## [EXERCISE BRIEF]
Up to and including the line holding "Elles ont travaillé", write out the data exactly from its first line, but not the pictures.

(Saved data entries)
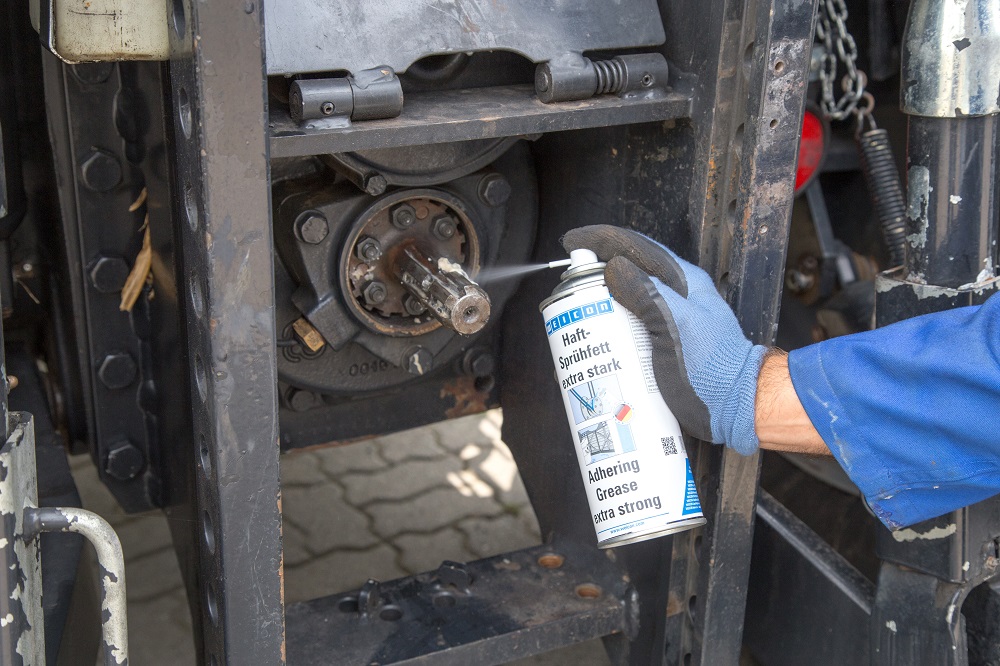 APPLICATION: Adhesive spray grease extra strong can also be used for roller and plain bearings in mixed friction operation, joints, levers, sliding guides, spindles, spline shafts, open gears, worm gears, chains and wire ropes. It is suitable for all sliding speeds permissible for grease lubrication.
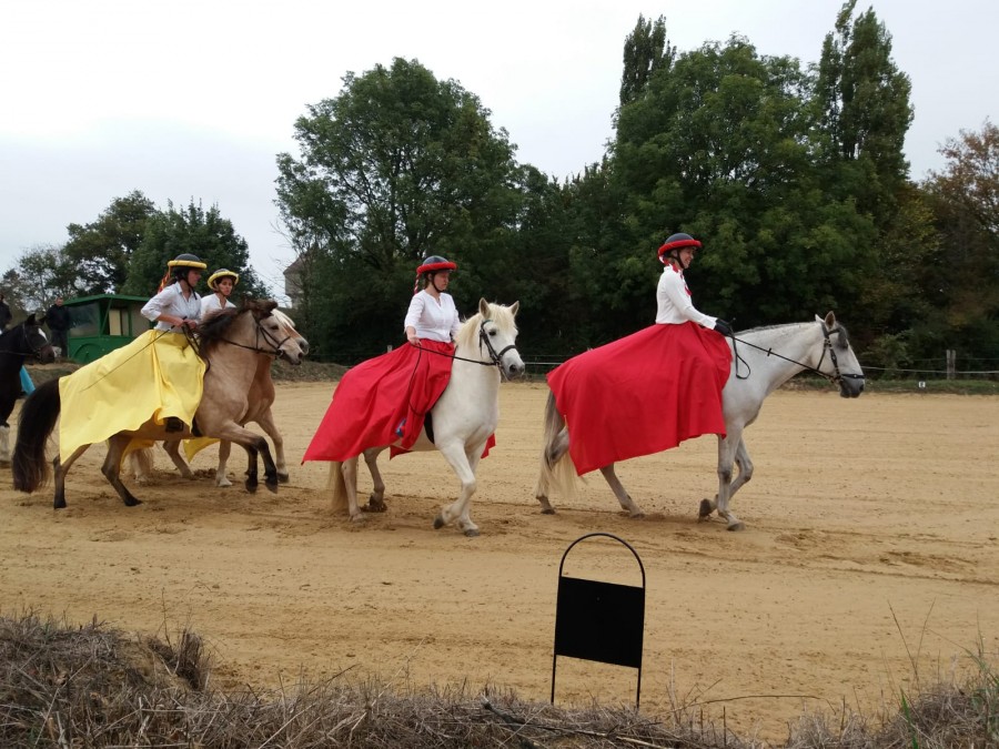 Elles ont travaillé le 2 pistes avec épaules en dedans et cessions au pas et au trot; elle était magnifique.
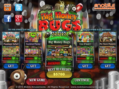 Big Money Bugs Slots the BEST Bug themed lucky vegas casino slot machine / pokie from Mobile Amusements where you can win a massive virtual cash fortune!
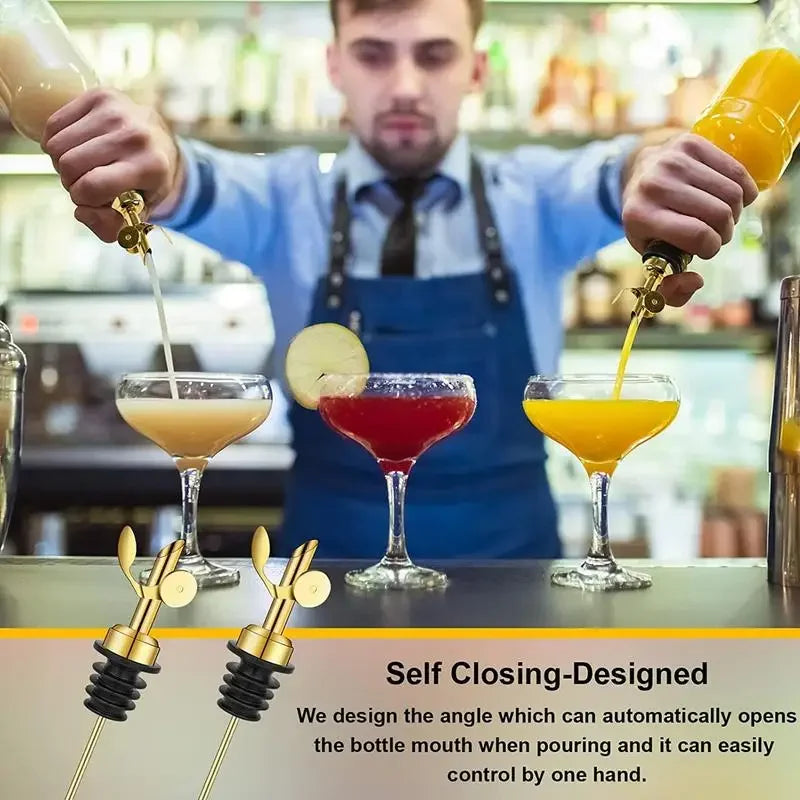 1,Self-closing design: Our weighted bottle pourers close automatically when the bottle is held upright, preventing spills and leaks. They are also designed for 1-handed control, allowing you to pour with precision and ease.
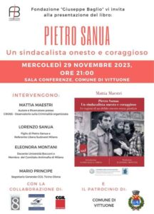 Intervengono l’autore del libro Mattia Maestri, Lorenzo Sanua, figlio di Pietro, Eleonora Montani, docente dell’Università Bocconi e presidente della Fondazione “Giuseppe Baglio” e Mario Principe, segretario generale della Cgil Ticino – Olona.
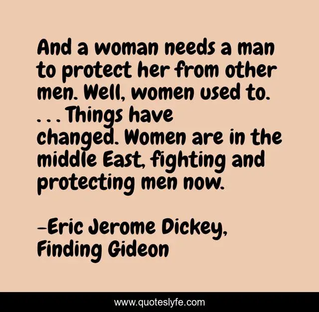 This page presents the quote "And a woman needs a man to protect her from other men. Well, women used to. . . . Things have changed. Women are in the middle East, fighting and protecting men now.". Author of this quote is Eric Jerome Dickey, Finding Gideon. This quote is about real, dialogue, medianoche-to-gideon, food-for-thought,.
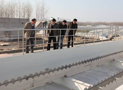 圖一說(shuō)明:葛書(shū)龍局長(zhǎng)視察第二水廠沉淀池
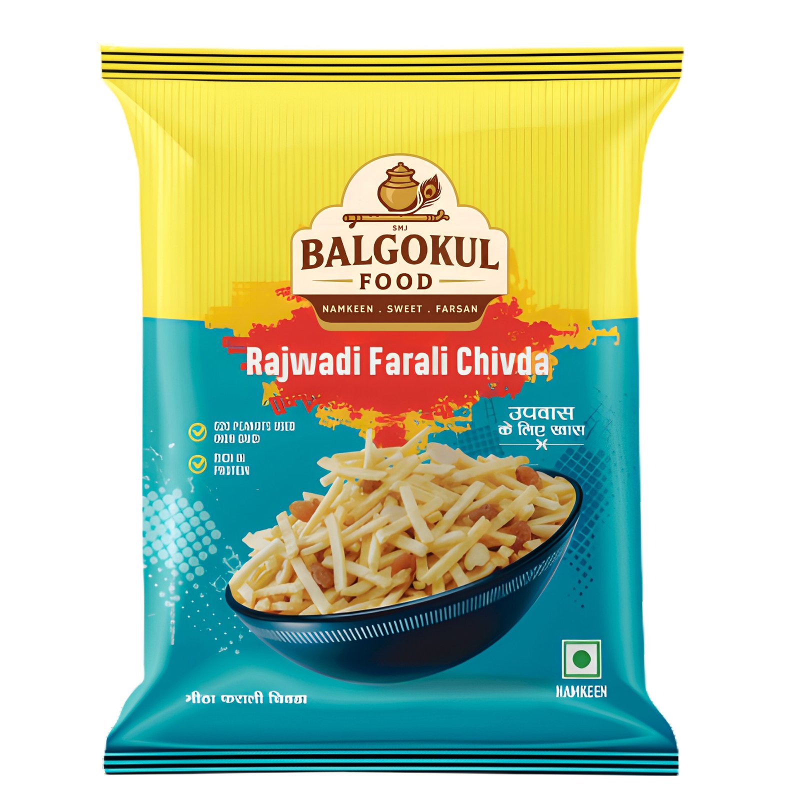 Prepared under hygienic conditions and 100% vegetarian, this product reflects BalGokul Foods’ commitment to quality, consistency, and trusted taste. Ideal for fasting days, festive occasions, or light snacking, Rajwadi Farali Chivda offers satisfying taste without compromising religious preferences.

## [ANSWER BELOW]
 APPLICATION: Adhesive spray grease extra strong can also be used for roller and plain bearings in mixed friction operation, joints, levers, sliding guides, spindles, spline shafts, open gears, worm gears, chains and wire ropes. It is suitable for all sliding speeds permissible for grease lubrication.
 Elles ont travaillé le 2 pistes avec épaules en dedans et cessions au pas et au trot; elle était magnifique.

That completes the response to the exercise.